Chassis Type: unibody Front and Rear Suspension: coilover.
Body Fiberglass front end, rear quarters, and hood.
Suspension Front wishbones, coil springs over dampers. Rear : rocker arms, coil springs over dampers
Gearbox 5 speed Manual.
Dimensions
Wheelbase : 2421mm
Front track 1420mm
Rear track 1400mm
Engine Type: hand built peripheral port 12A Mazda Induction: hand constructed intake with a Weber carb built by AEM in CA. Clutch: Mazda Comp clutch


At the time Mazda first showed up at Daytona in 1979, no one took care of this new team that came from Japan. They had come the previous year with RX3 cars and had applied what they had learned on the track. The two cars were destined to be driven by Japanese and American drivers. After qualifying first and second in class, they steadily dominated the race, to finish in fifth and sixth position overall.
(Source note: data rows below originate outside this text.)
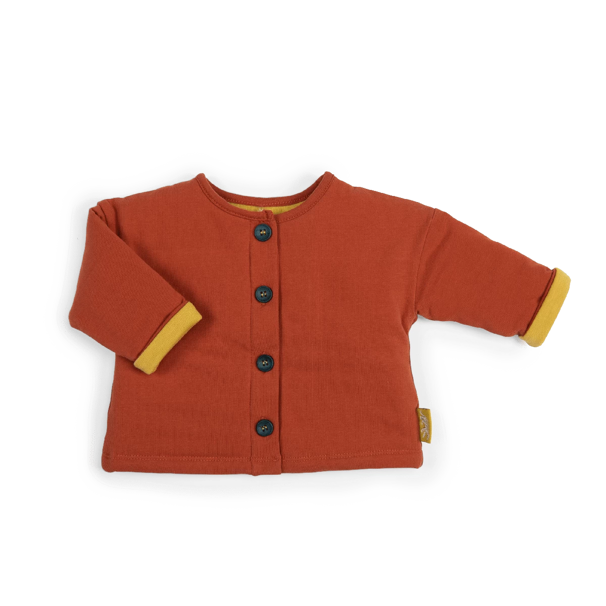 Gilet ouatiné couleur brique avec boutonnage bleu. Doublure et revers de manche curry en jersey flammé.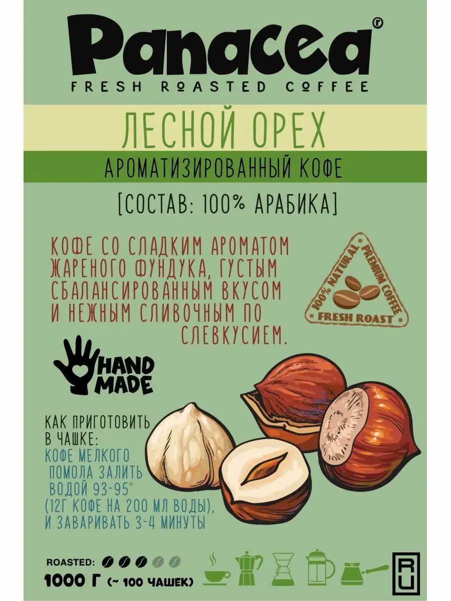 Кофе в зернах Лесной орех (100% арабика), Panacea-coffee, 1 кг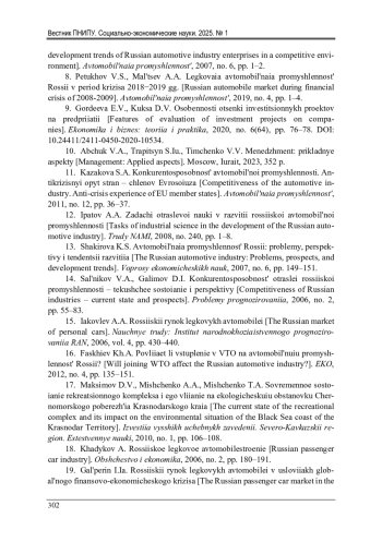 13. Шакирова, К.С. Автомобильная промышленность России: проблемы, перспективы и тенденции развития / К.С. Шакирова // Вопросы экономических наук. - 2007. - № 6. - С. 149-151. EDN: JUBHIT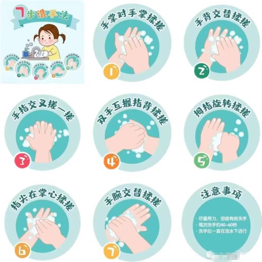 小朋友们,要减少接触公共场所的公共物品和部位,从公共场所返回后、咳嗽用手遮挡后、饭前便后、处理生肉产品后、接触门把手或电梯按钮后,应该照“七步洗手法”,用洗手液或香皂洗手。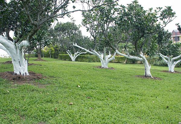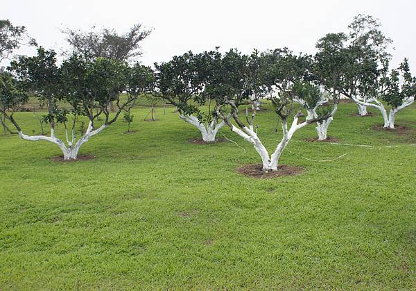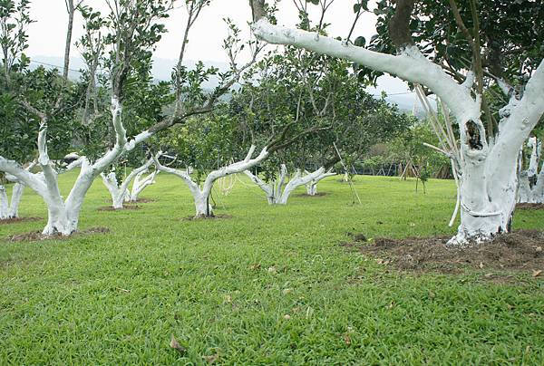 天牛通常在距地面約一公尺樹幹產卵,塗上石灰可防止天牛產卵,免得幼蟲鑽進樹幹中蛀食,有些蟲生活在土裏,樹幹塗上了雪白的石灰,土壤裹的害蟲便不敢沿樹幹爬上去啃食果葉,氫氧化銅可消滅在樹皮縫隙中的真菌、細菌和害蟲,所以將14株老叢文旦全都塗上類波爾多漿,只是不知氫氧化銅會不會被吸收,明年結的文旦會不會有「銅葉綠素」。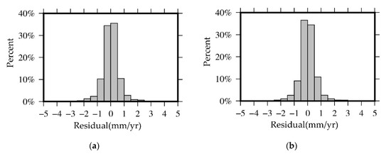 At first, the residuals of direct verification and cross-verification were counted, and the results are shown in Figure 5. For the residue results directly verified, more than 90% of the residuals are less than 1 mm/yr and are normally distributed. For the cross-validation residual results, more than 75% of the residuals are less than 1 mm/yr, and all residuals are less than 2 mm/yr. However, due to the small amount of data, they cannot be normally distributed. Overall, the residual results show that our model is reliable.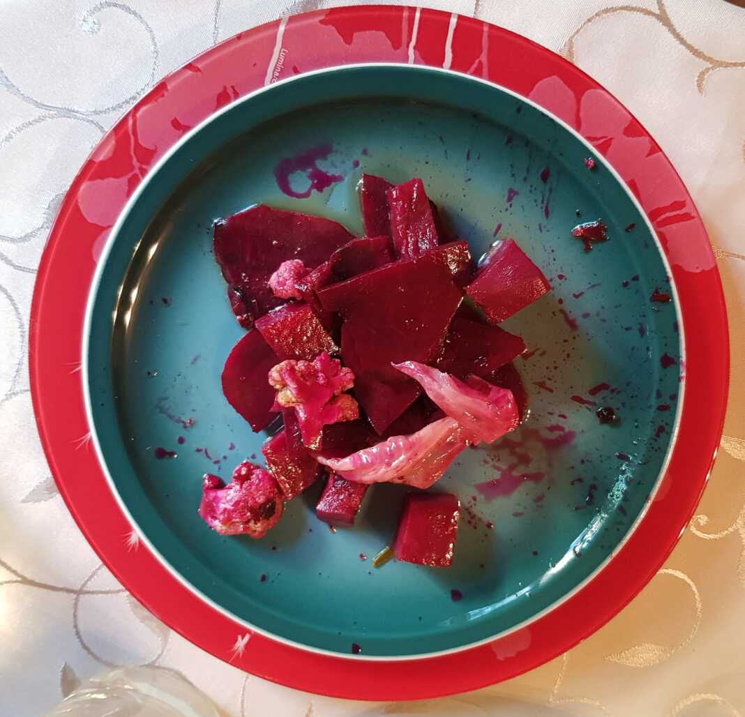 Δεν είναι προσπάθεια καλλιτεχνικής Φωτογραφιας ή Γκουρμέ – απλώς συνέβη και δεν έχω άλλη εικόνα!». Σας διαβεβαιώνω ότι είναι πολύ, πολύ νόστιμο! Οι καλεσμένοι μου ενθουσιάστηκαν! Γενικά δεν μου αρέσουν τα κόκκινα παντζάρια, αλλά σε αυτή την περίπτωση μου άρεσε πολύ! Δεν έχω μετρήσει τα λαχανικά, μπορείτε να τα αυξήσετε αυξάνοντας τις αναλογίες για την άλμη.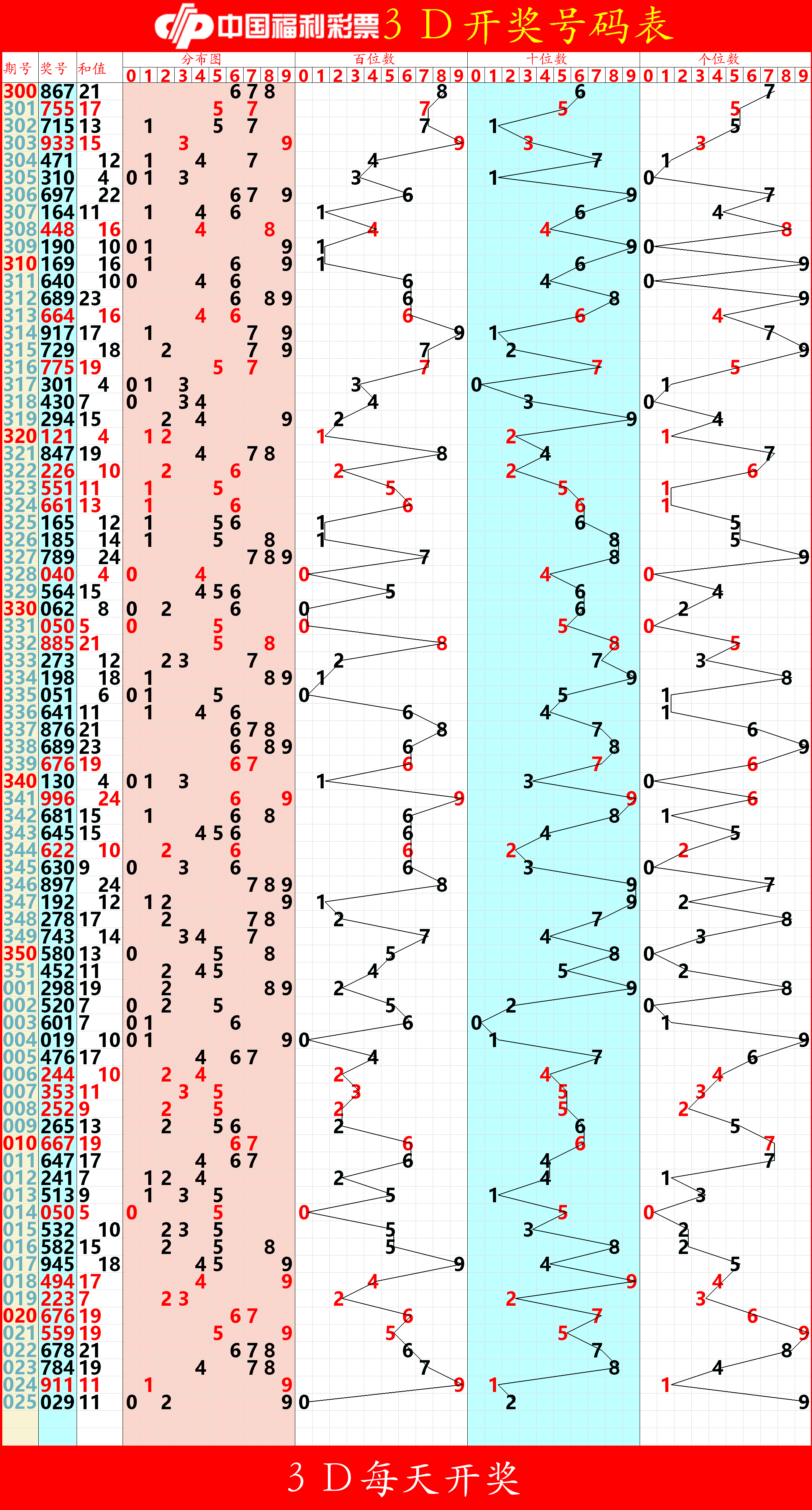 025期★甜馨3D★七码【1345679】=23 开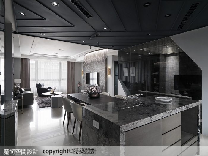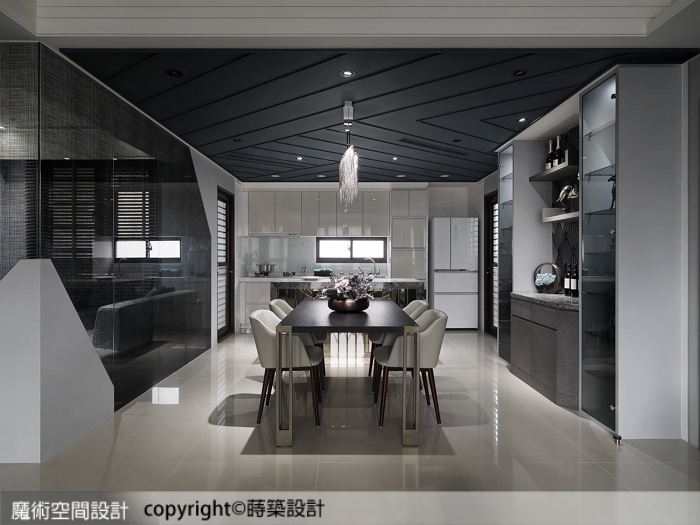 5.餐廚區黑色天花板藉由斜線、夾角線條揮灑出生動視感,呼應視聽室隔間的白色折角造型。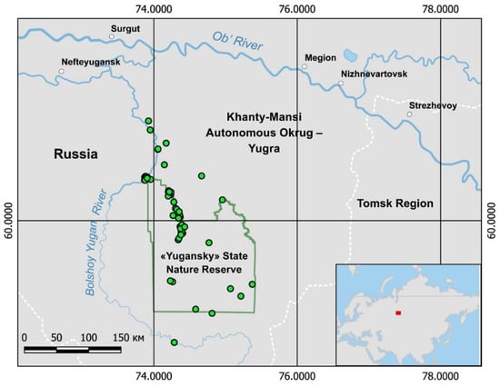 Map of sampling localities of gastropods in minor water bodies of the Bolshoy Yugan River basin. Localities are marked with green circles and correspond to those in Table S1 (Supplementary materials). The axes of the figure show geographic coordinates.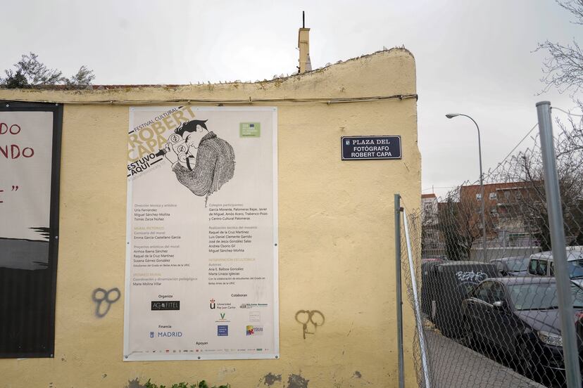 Justo al lado del mítico edificio de la calle Peironcely número 10, donde hay un conjunto de viviendas de clase obrera del distrito de Puente de Vallecas, había una placa que conmemoraba a Robert Capa, un fotógrafo hún...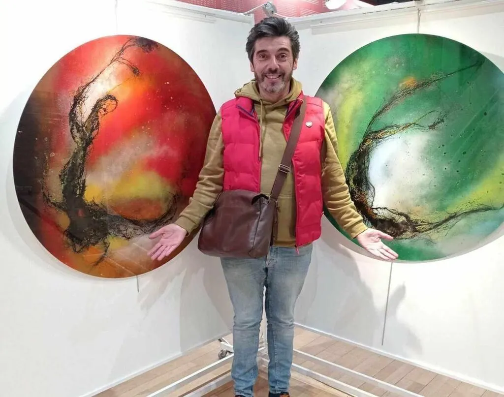 , comme il le dit lui-même, expose pour la deuxième fois au Grenier à sel et y présente la suite de sa série ronde Nymphose.  Terme biologique signifiant la transformation, la mue d’un état d’origine à un autre chez un insecte, et dans lequel le spectateur peut retrouver des thèmes végétaux, organiques et minéraux.Â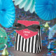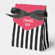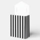 Esta caja de favores de Derby tiene un fondo a rayas negras y blancas con una solapa roja que dice "Gracias" en blanco.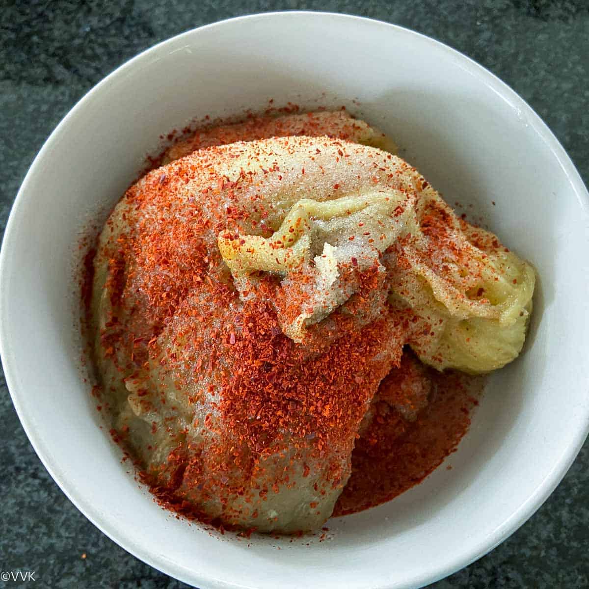 - Once the eggplant has cooled down, gently remove the skin. The skin would come off easily. Similarly, remove the garlic skin and mash it. Transfer the eggplant flesh to a mixing bowl. Add the salt, lemon juice, and Aleppo pepper.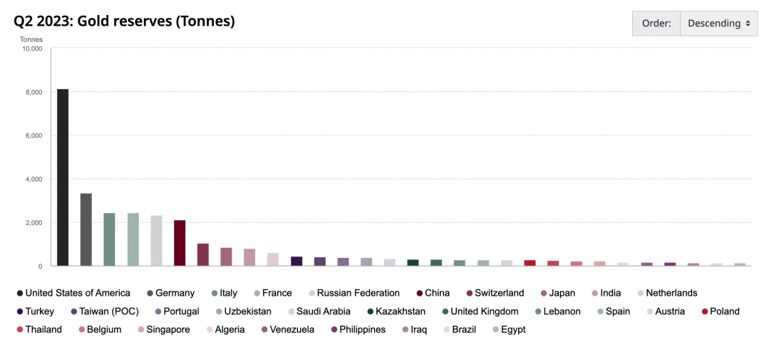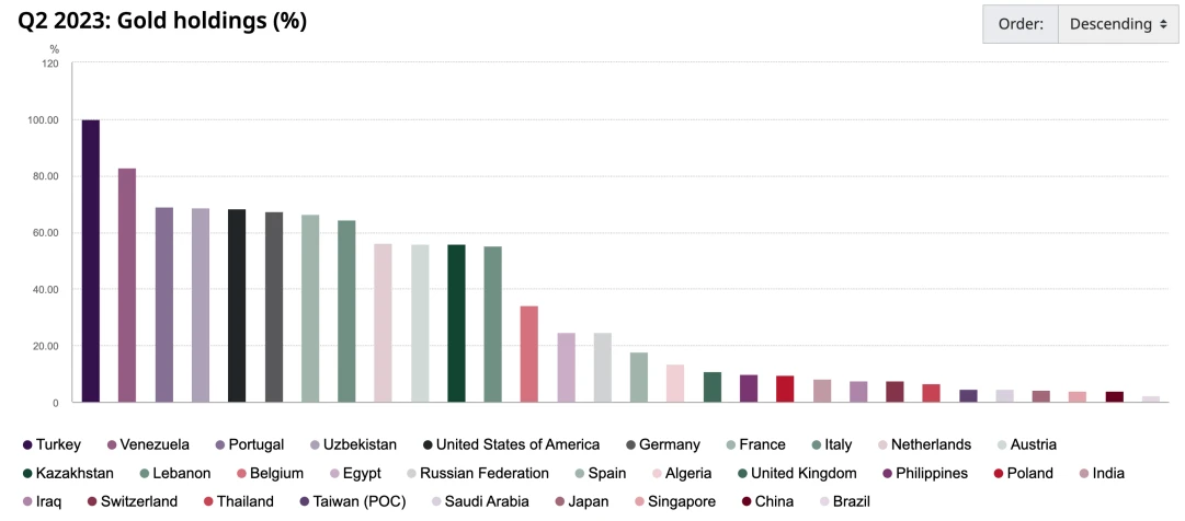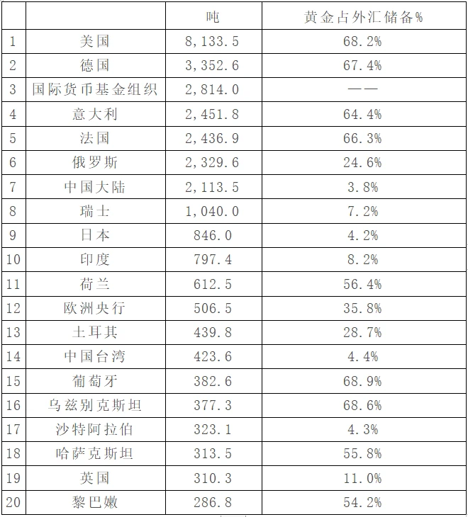 全球黄金储备前二十国家/组织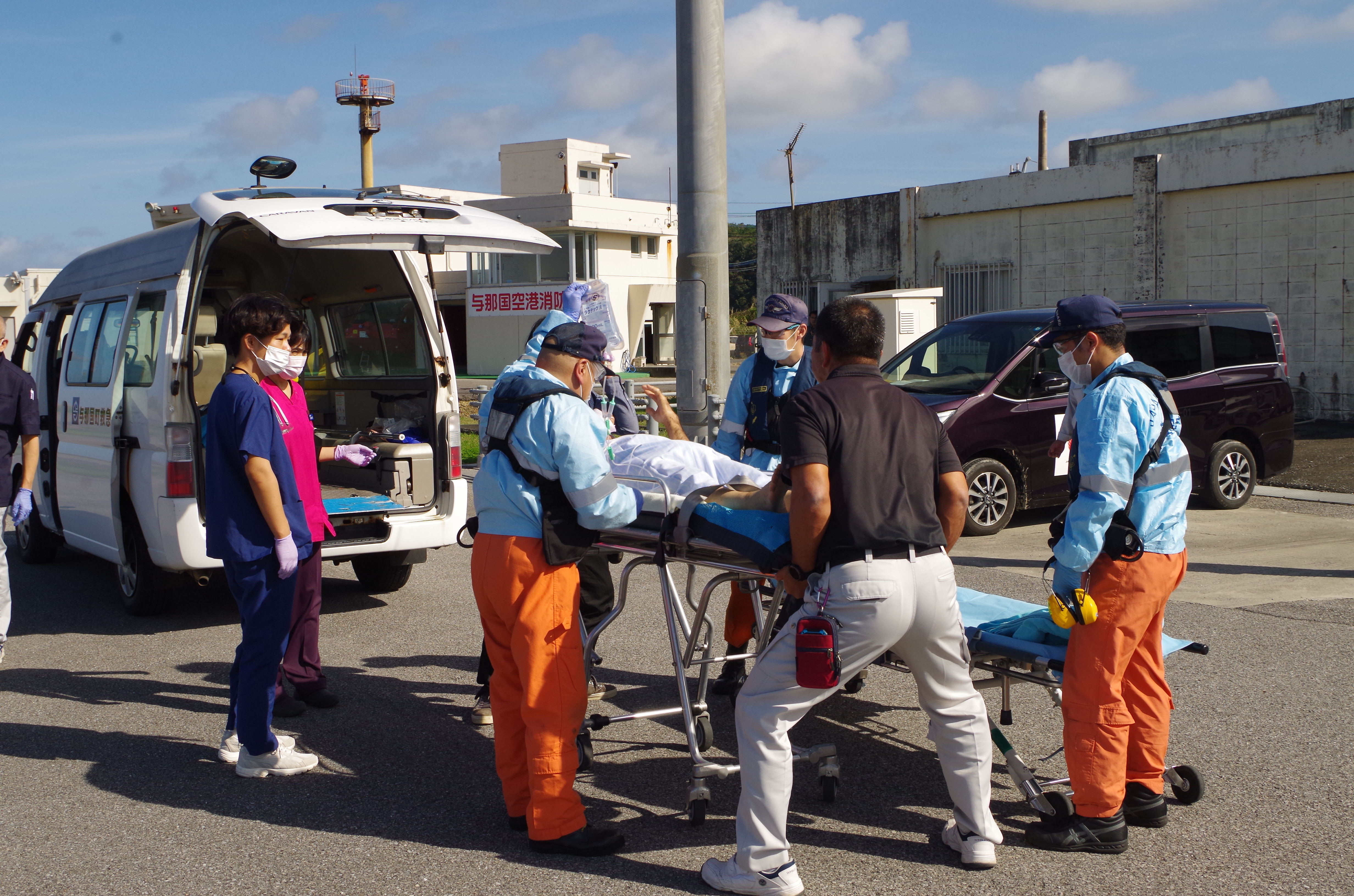 多良間島からの急患搬送 令和6年2月1日午後1時54分、八重山事務所から当基地に対して急患輸送要請がありました。石垣航空基地所属ヘリコプターで与那国空港から真栄里暫定ヘリポートへの搬送を実施し、2月1日午後3時46分に石垣市消防本部の救急車に引き継いでいます。 患者69歳 男性 写真:与那国島にて患者引き受けの様子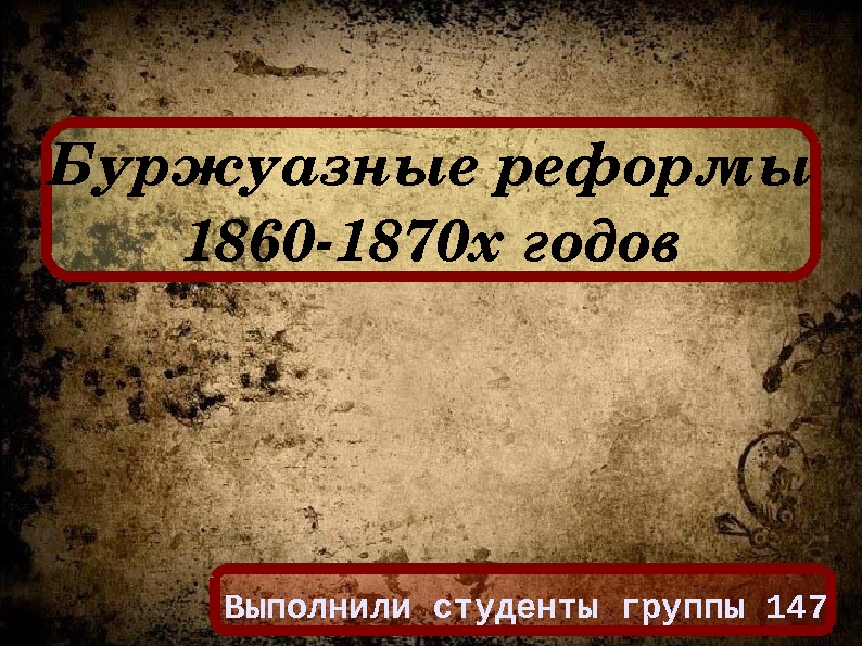 Буржуазныереформы 1860 1870 хгодов Выполнили студенты группы 147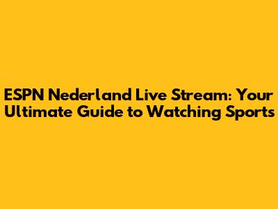 ESPN Nederland Live Stream: Your Ultimate Guide

Yoshimi Katayama-Yojiro Terada-Takashi Yorino winning the GTU category and Walt Bohren-Jim Downing-Roger Mandeville second. It was not the first time Mazda entered an RX7 in an IMSA event as Al Cosentino was the first to enter such a car. Following their domination, IMSA decided to add an extra 458lbs to the cars. After a while, and following the drivers concerns about the extra weight, they reduced it to zero. The factory cars had been sold to Roger Mandeville and Jim Downing. At the end of the 1979 season, Don Devendorf won the title for Datsun, but Bob Bergstrom took second place in a Mazda. Mazda began racing RX-7s in the IMSA GTU series in 1979. That first year, RX-7s placed first and second at the 24 Hours of Daytona, and claimed the GTU series championship. The car continued winning, claiming the GTU championship seven years in a row. The RX-7 took the GTO championship ten years in a row from 1982. The RX-7 has won more IMSA races than any other car model.